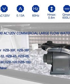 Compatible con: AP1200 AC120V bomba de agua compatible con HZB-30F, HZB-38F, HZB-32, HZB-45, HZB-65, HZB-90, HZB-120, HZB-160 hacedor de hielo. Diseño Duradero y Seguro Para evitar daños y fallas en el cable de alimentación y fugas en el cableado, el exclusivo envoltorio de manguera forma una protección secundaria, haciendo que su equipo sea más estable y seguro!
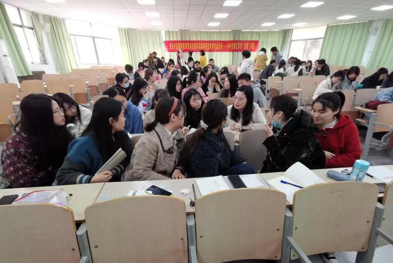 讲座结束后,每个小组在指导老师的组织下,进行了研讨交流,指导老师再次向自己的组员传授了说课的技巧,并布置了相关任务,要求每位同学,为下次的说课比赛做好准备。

####

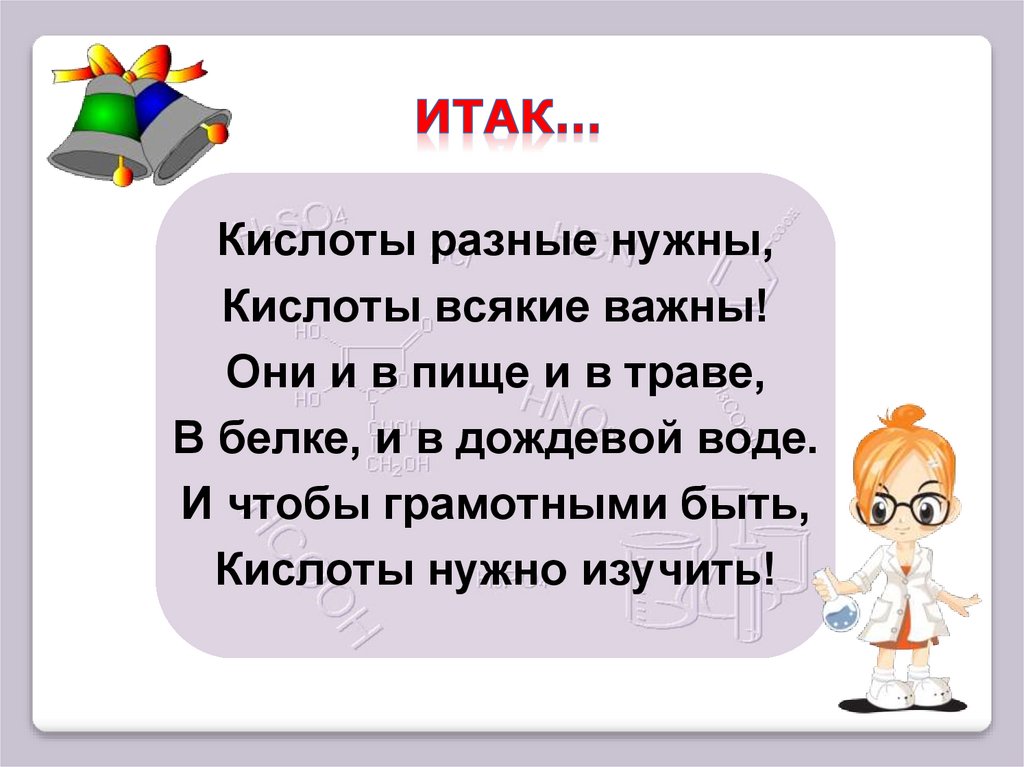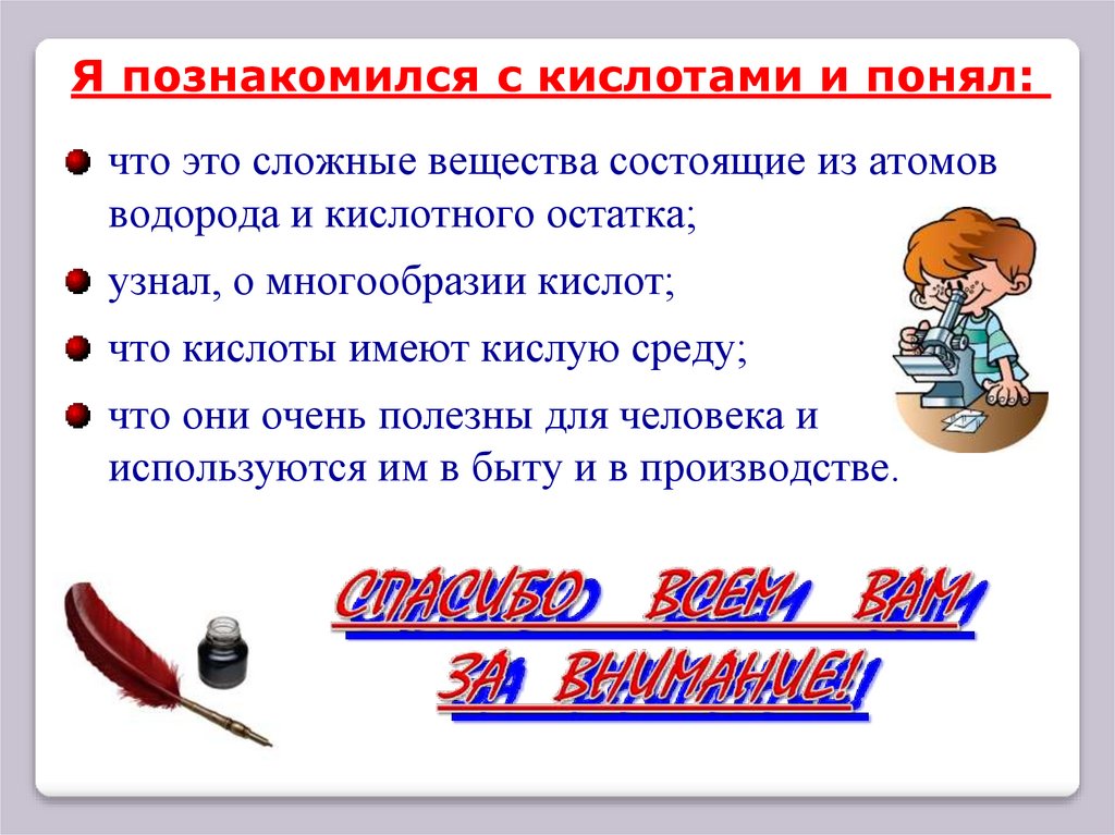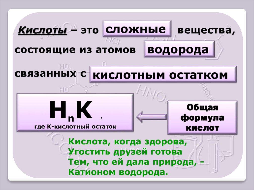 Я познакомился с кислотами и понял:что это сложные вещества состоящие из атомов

####

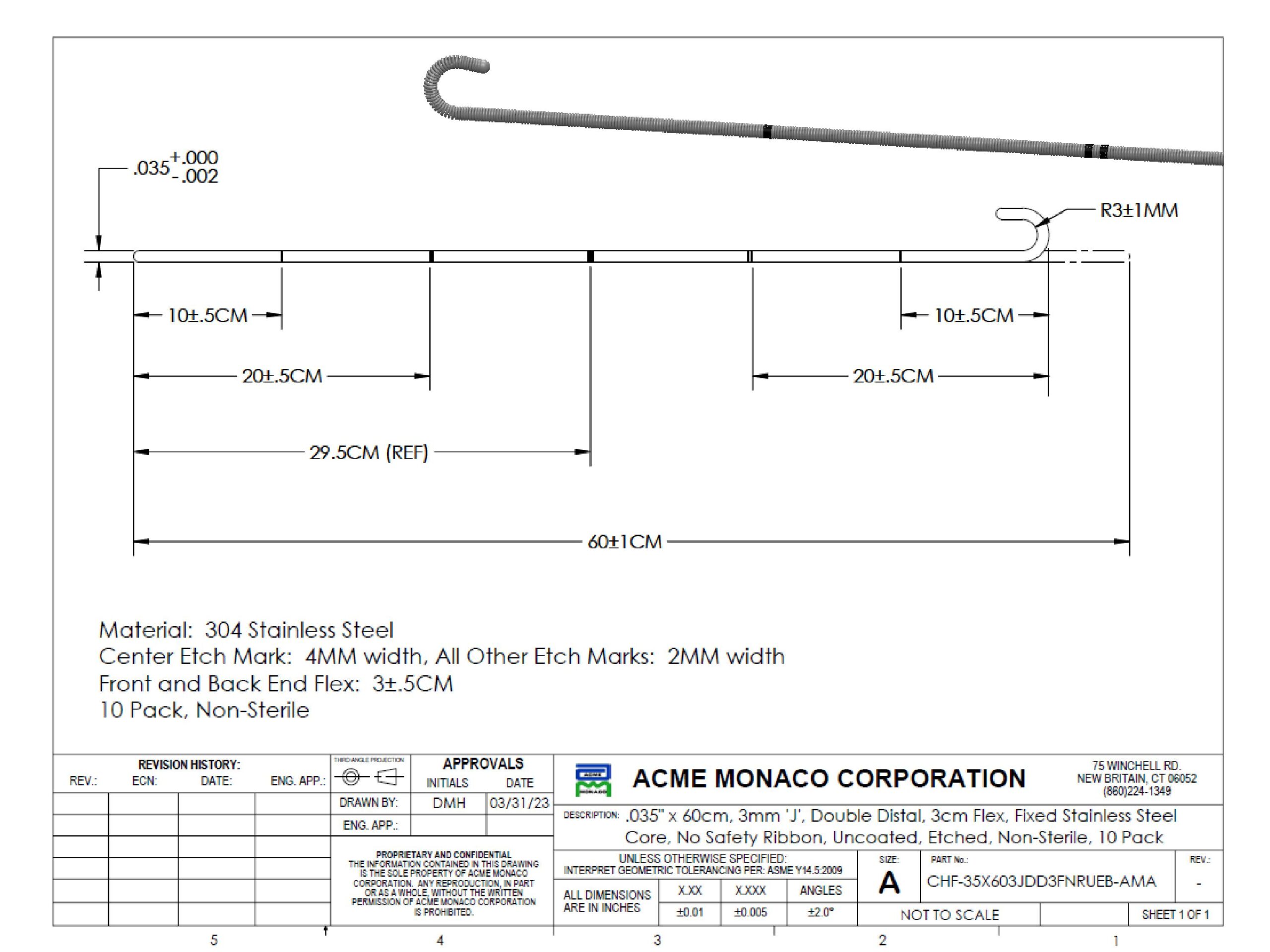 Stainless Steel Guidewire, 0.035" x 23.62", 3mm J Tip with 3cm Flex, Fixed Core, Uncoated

####

> Problem requirements:
Print, exactly and with no pictures, the lines of the listing above starting at the one that has "Compatible con: AP1200" and ending at the one that has "讲座结束后,每个小组在指导老", both included.

> Exercise solution:
 Compatible con: AP1200 AC120V bomba de agua compatible con HZB-30F, HZB-38F, HZB-32, HZB-45, HZB-65, HZB-90, HZB-120, HZB-160 hacedor de hielo. Diseño Duradero y Seguro Para evitar daños y fallas en el cable de alimentación y fugas en el cableado, el exclusivo envoltorio de manguera forma una protección secundaria, haciendo que su equipo sea más estable y seguro!
 讲座结束后,每个小组在指导老师的组织下,进行了研讨交流,指导老师再次向自己的组员传授了说课的技巧,并布置了相关任务,要求每位同学,为下次的说课比赛做好准备。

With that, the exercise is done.